What you need to do: Each entry below should be returned exactly as is, with the pictures removed.

Data:
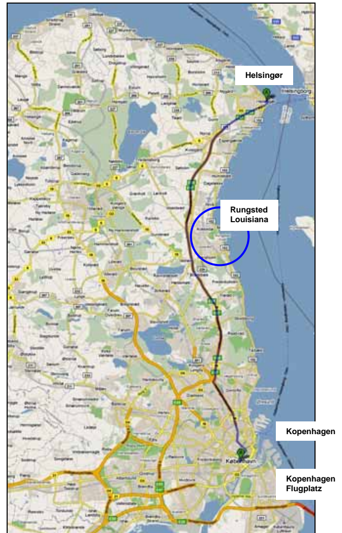
Abb. 2009-3/455 Fahrt Helsingør - Rungsted / Louisiana - Kopenhagen Ausschnitt aus GOOGLE Maps 2010-03

http://www.kopenhagen.se ... Hotels http://www.hot-map.com/de/kopenhagen ... Stadtplan http://www.rosenborgslot.dk/ http://de.wikipedia.org/wiki/Schloss_Rosenborg http://kunstindustrimuseet.dk/en http://www.tivoli.dk/
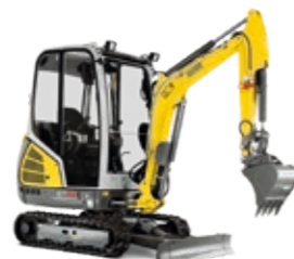
Bagger ab EUR 549,-*
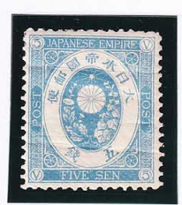
44-19 U小判青5銭 OH 軽札 未使用 68 ¥2,200
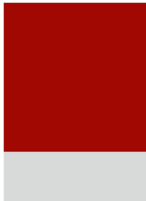
1/4 Seite quer 200 x 79 mm
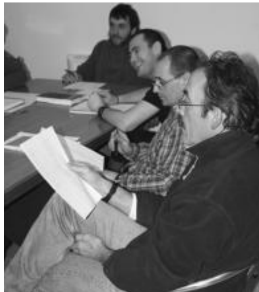
Bertsoak sortu eta garai bateko bertsoak ere kantatzen dituzte. N. URBIZU

Ikasleentako batek azalduta, «herrian bertsosko eskola bat egotea ondo egongo zela genion hiru lagunek eta Gipuzkoako Bertsozale Elkarteari jarri ginen harremanetan. Gero, Udalarri proposamena egin genien, komentatuz, bertsosko eskola bat nahi genuela. Bagenekien parte hartu nahi zuten jendea zegoela». Handik aurrera, Udalak deialdia zabaldu zuen eta ahoz-ahozkoak ere emaitza onak eman zituen. Izan ere, «ez genituen zor-
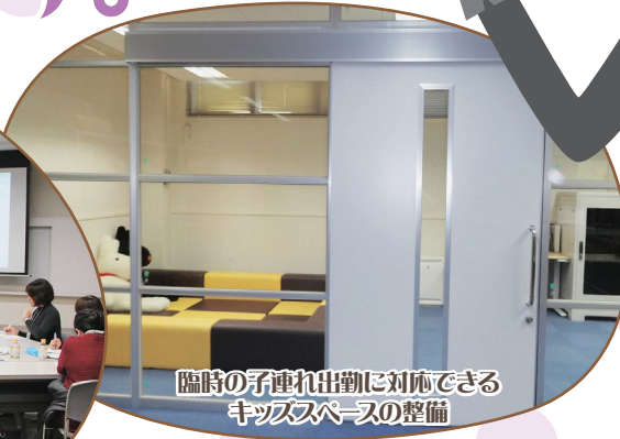
臨時の子連れ出勤に対応できる キッズスペースの整備
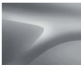
GRIS PLATINE (D69) (2)
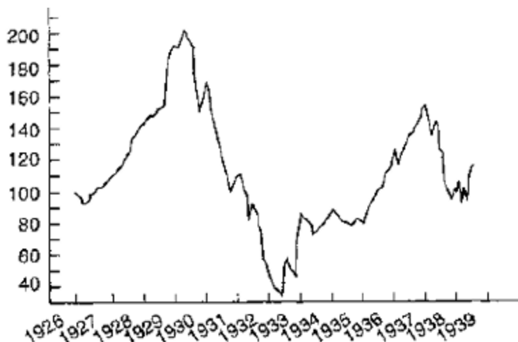
Gráfico 4 – Cotação das ações na Bolsa de Nova York entre 1926 e 1938.

Ainda segundo Gazier (2013) a evolução dos três anos entre 1929 e 1932, apesar de não-originada em rupturas de 24 horas como esta, seria igualmente catastrófica.
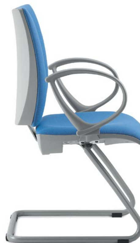
231-KZ + BR-231

Das Stuhlkreuz bietet wählbare Varianten, und zwar zwischen einer aus Aluminium und einer aus Nylon gefertigten Version, die ein übereinstimmendes Design haben.
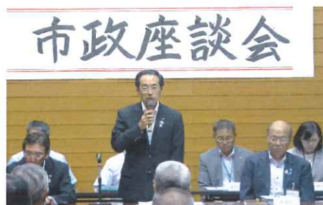
北上市長あいさつ

北上市では、黒岩を含む東部4地区の協議結果を踏まえ、課題を整理し、小中学校PTAとの協議を進め、今年度末に基本方針・計画案を示す方針です。
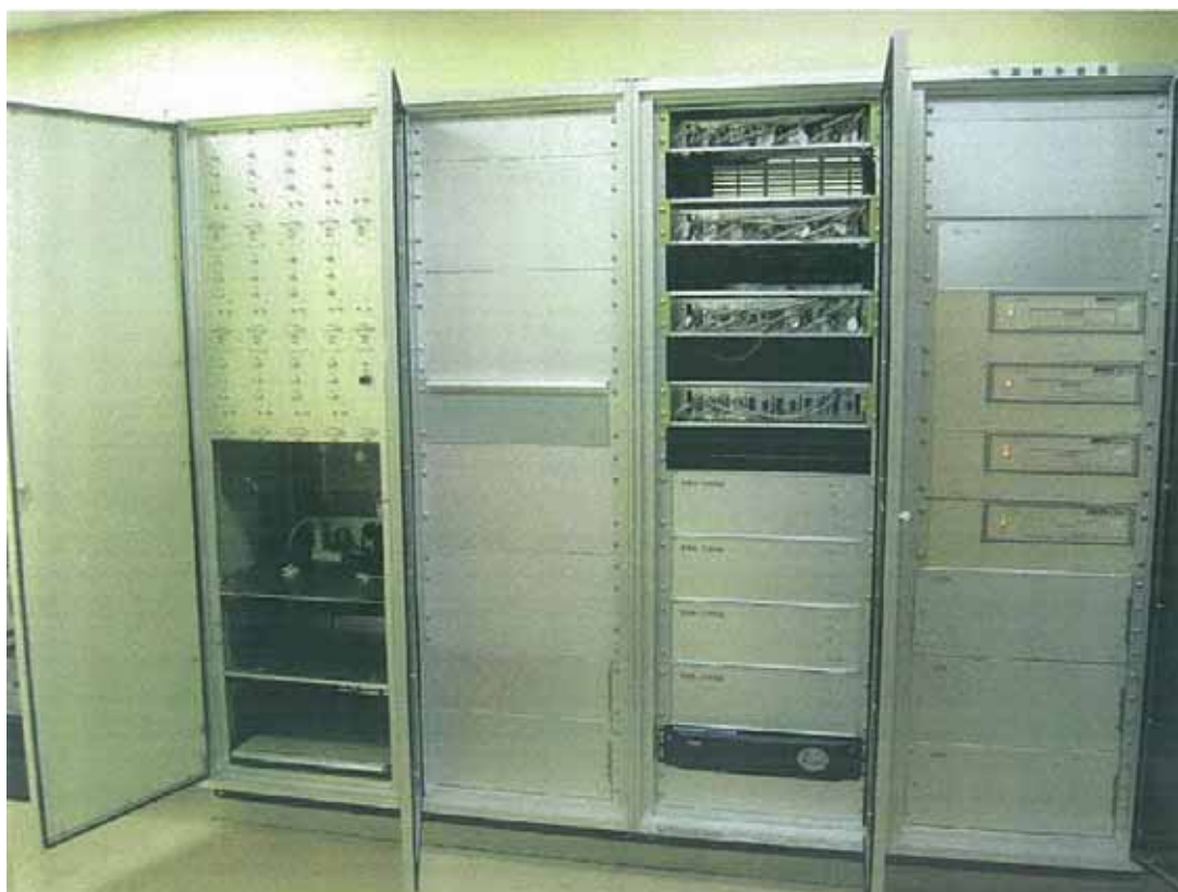
観測用地震計（測定部）
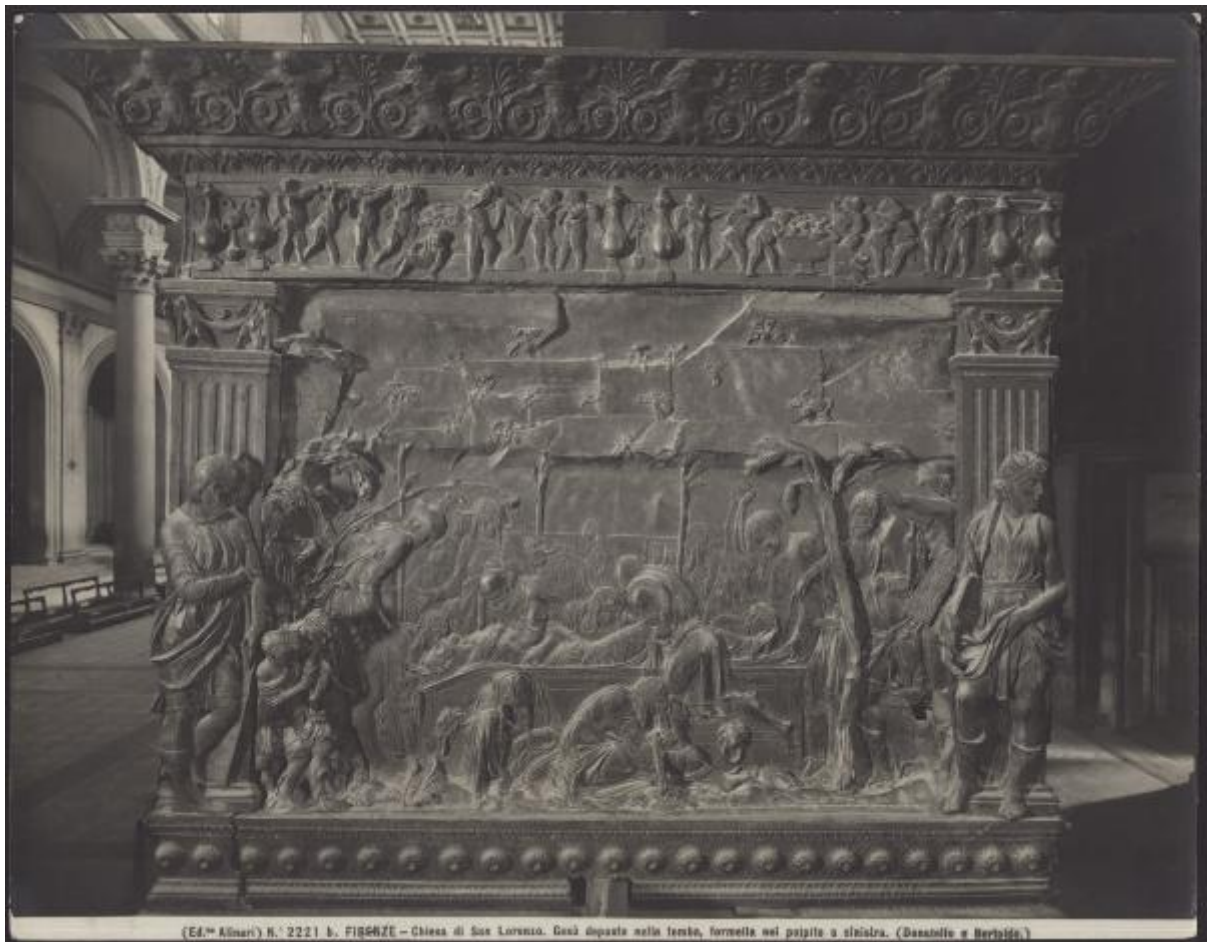
N.° 2221 b. FIGURE – Chiesa di San Lorenzo. Gesù deposto nella tomba, formella nei paggiti a sinistra. (Dacotello e Bertoldo.)
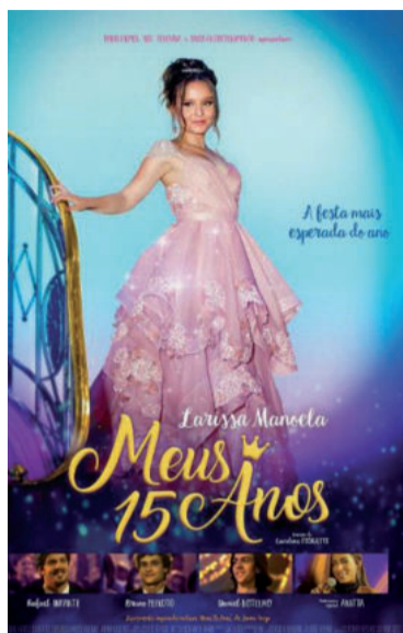
MEUS 15 ANOS

Aos quatorze anos de idade, Bia (Larissa Manoela) descobre que vai ganhar uma grande festa de quinze anos. Mas tem um problema: a garota sonhadora e apaixonada por música não tem muitos amigos para convidar ao evento, por ser pouco popular na escola. Ela conta com a ajuda do único grande amigo, Bruno, e do pai Edu, para consertar a situação.
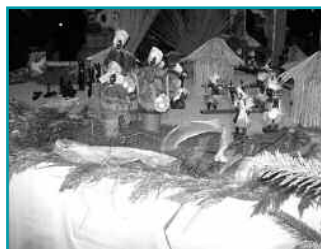
Crèche de République Démocratique du Congo en ébène

En cette année 2009 Muzeray, village de la crèche a eu pour thème « CRÈCHES ET NATIVITÉS D'AFRIQUE ». Le public a pu découvrir des crèches en provenance des divers pays africains (République Démocratique du Congo, Togo, Tanzanie, Sénégal, Ethiopie, Egypte, Kenya, etc...). Le Burkina Faso est réputé pour ses crèches en bronze et en laiton. De nombreuses crèches africaines sont façonnées
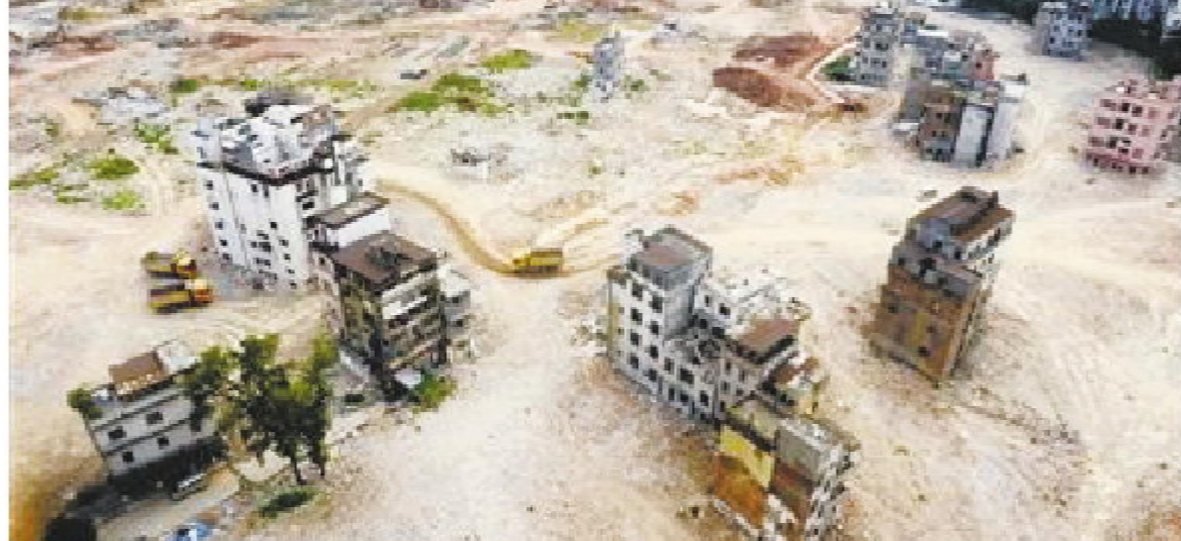
这是广州番禺桥南村18户钉子户的分布图，强拆也没办法在此新建项目。

有新闻电视台报道广州拆迁项目，涉及了强拆拆迁问题。可能是拆迁人员向电视台说明：根据规划，需要拆迁钉子户，于是电视台作了这样的评价：规划不合理，为什么先进行规划设计？为什么不等等？为什么先进行规划设计？为什么不等等？为什么先进行规划设计？为什么不等等？
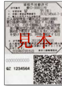
シールタイプ (パスポートに貼付されます)
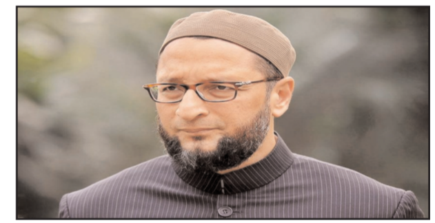
जिए। सांसद ओवैसी ने सवाल किया कि पीएफआई पर प्रतिबंध लगाया है, लेकिन खाजा अजमेरी बम धमाकों में लिफ्त संगठनों पर प्रतिबंध क्यों नहीं लगाया जा रहा है? सरकार ने दक्षिणपंथी संगठनों पर प्रतिबंध क्यों नहीं लगाया? ओवैसी ने कहा कि इस तरह का कठोर प्रतिबंध खतरनाक है, क्योंकि यह किसी भी मुसलमान पर रोक लगाता है जो अपने मन की बात कहना चाहता है।

हैदराबाद। ऑल इंडिया मजलिस-ए-इतेहादुल मुस्लिमीन के प्रमुख एवं हैदराबाद के सांसद असदुद्दीन ओवैसी ने गुरुवार को कहा कि उन्होंने पापुलर फ्रंट ऑफ इंडिया (पीएफआई) के कट्टरपंथी दृष्टिकोण का हमेशा विरोध किया है, लेकिन उस पर प्रतिबंध का समर्थन नहीं किया जा सकता। केंद्र सरकार द्वारा पीएफआई पर पांच साल के लिए लगाए गए प्रतिबंध के फैसले के एक दिन बाद ओवैसी ने एक बयान में कहा कि उन्होंने पीएफआई के कट्टरपंथी दृष्टिकोण का हमेशा विरोध किया है, लेकिन पीएफआई पर इस प्रतिबंध का समर्थन नहीं किया जा सकता क्योंकि संगठन के कुछ व्यक्तियों द्वारा किये गये अपराध का यह मतलब नहीं है कि पूरे संगठन को ही प्रतिबंधित कर

Output:
Abb. 2009-3/455 Fahrt Helsingør - Rungsted / Louisiana - Kopenhagen Ausschnitt aus GOOGLE Maps 2010-03

http://www.kopenhagen.se ... Hotels http://www.hot-map.com/de/kopenhagen ... Stadtplan http://www.rosenborgslot.dk/ http://de.wikipedia.org/wiki/Schloss_Rosenborg http://kunstindustrimuseet.dk/en http://www.tivoli.dk/
Bagger ab EUR 549,-*
44-19 U小判青5銭 OH 軽札 未使用 68 ¥2,200
1/4 Seite quer 200 x 79 mm
Bertsoak sortu eta garai bateko bertsoak ere kantatzen dituzte. N. URBIZU

Ikasleentako batek azalduta, «herrian bertsosko eskola bat egotea ondo egongo zela genion hiru lagunek eta Gipuzkoako Bertsozale Elkarteari jarri ginen harremanetan. Gero, Udalarri proposamena egin genien, komentatuz, bertsosko eskola bat nahi genuela. Bagenekien parte hartu nahi zuten jendea zegoela». Handik aurrera, Udalak deialdia zabaldu zuen eta ahoz-ahozkoak ere emaitza onak eman zituen. Izan ere, «ez genituen zor-
臨時の子連れ出勤に対応できる キッズスペースの整備
GRIS PLATINE (D69) (2)
Gráfico 4 – Cotação das ações na Bolsa de Nova York entre 1926 e 1938.

Ainda segundo Gazier (2013) a evolução dos três anos entre 1929 e 1932, apesar de não-originada em rupturas de 24 horas como esta, seria igualmente catastrófica.
231-KZ + BR-231

Das Stuhlkreuz bietet wählbare Varianten, und zwar zwischen einer aus Aluminium und einer aus Nylon gefertigten Version, die ein übereinstimmendes Design haben.
北上市長あいさつ

北上市では、黒岩を含む東部4地区の協議結果を踏まえ、課題を整理し、小中学校PTAとの協議を進め、今年度末に基本方針・計画案を示す方針です。
観測用地震計（測定部）
N.° 2221 b. FIGURE – Chiesa di San Lorenzo. Gesù deposto nella tomba, formella nei paggiti a sinistra. (Dacotello e Bertoldo.)
MEUS 15 ANOS

Aos quatorze anos de idade, Bia (Larissa Manoela) descobre que vai ganhar uma grande festa de quinze anos. Mas tem um problema: a garota sonhadora e apaixonada por música não tem muitos amigos para convidar ao evento, por ser pouco popular na escola. Ela conta com a ajuda do único grande amigo, Bruno, e do pai Edu, para consertar a situação.
Crèche de République Démocratique du Congo en ébène

En cette année 2009 Muzeray, village de la crèche a eu pour thème « CRÈCHES ET NATIVITÉS D'AFRIQUE ». Le public a pu découvrir des crèches en provenance des divers pays africains (République Démocratique du Congo, Togo, Tanzanie, Sénégal, Ethiopie, Egypte, Kenya, etc...). Le Burkina Faso est réputé pour ses crèches en bronze et en laiton. De nombreuses crèches africaines sont façonnées
这是广州番禺桥南村18户钉子户的分布图，强拆也没办法在此新建项目。

有新闻电视台报道广州拆迁项目，涉及了强拆拆迁问题。可能是拆迁人员向电视台说明：根据规划，需要拆迁钉子户，于是电视台作了这样的评价：规划不合理，为什么先进行规划设计？为什么不等等？为什么先进行规划设计？为什么不等等？为什么先进行规划设计？为什么不等等？
シールタイプ (パスポートに貼付されます)
जिए। सांसद ओवैसी ने सवाल किया कि पीएफआई पर प्रतिबंध लगाया है, लेकिन खाजा अजमेरी बम धमाकों में लिफ्त संगठनों पर प्रतिबंध क्यों नहीं लगाया जा रहा है? सरकार ने दक्षिणपंथी संगठनों पर प्रतिबंध क्यों नहीं लगाया? ओवैसी ने कहा कि इस तरह का कठोर प्रतिबंध खतरनाक है, क्योंकि यह किसी भी मुसलमान पर रोक लगाता है जो अपने मन की बात कहना चाहता है।

हैदराबाद। ऑल इंडिया मजलिस-ए-इतेहादुल मुस्लिमीन के प्रमुख एवं हैदराबाद के सांसद असदुद्दीन ओवैसी ने गुरुवार को कहा कि उन्होंने पापुलर फ्रंट ऑफ इंडिया (पीएफआई) के कट्टरपंथी दृष्टिकोण का हमेशा विरोध किया है, लेकिन उस पर प्रतिबंध का समर्थन नहीं किया जा सकता। केंद्र सरकार द्वारा पीएफआई पर पांच साल के लिए लगाए गए प्रतिबंध के फैसले के एक दिन बाद ओवैसी ने एक बयान में कहा कि उन्होंने पीएफआई के कट्टरपंथी दृष्टिकोण का हमेशा विरोध किया है, लेकिन पीएफआई पर इस प्रतिबंध का समर्थन नहीं किया जा सकता क्योंकि संगठन के कुछ व्यक्तियों द्वारा किये गये अपराध का यह मतलब नहीं है कि पूरे संगठन को ही प्रतिबंधित कर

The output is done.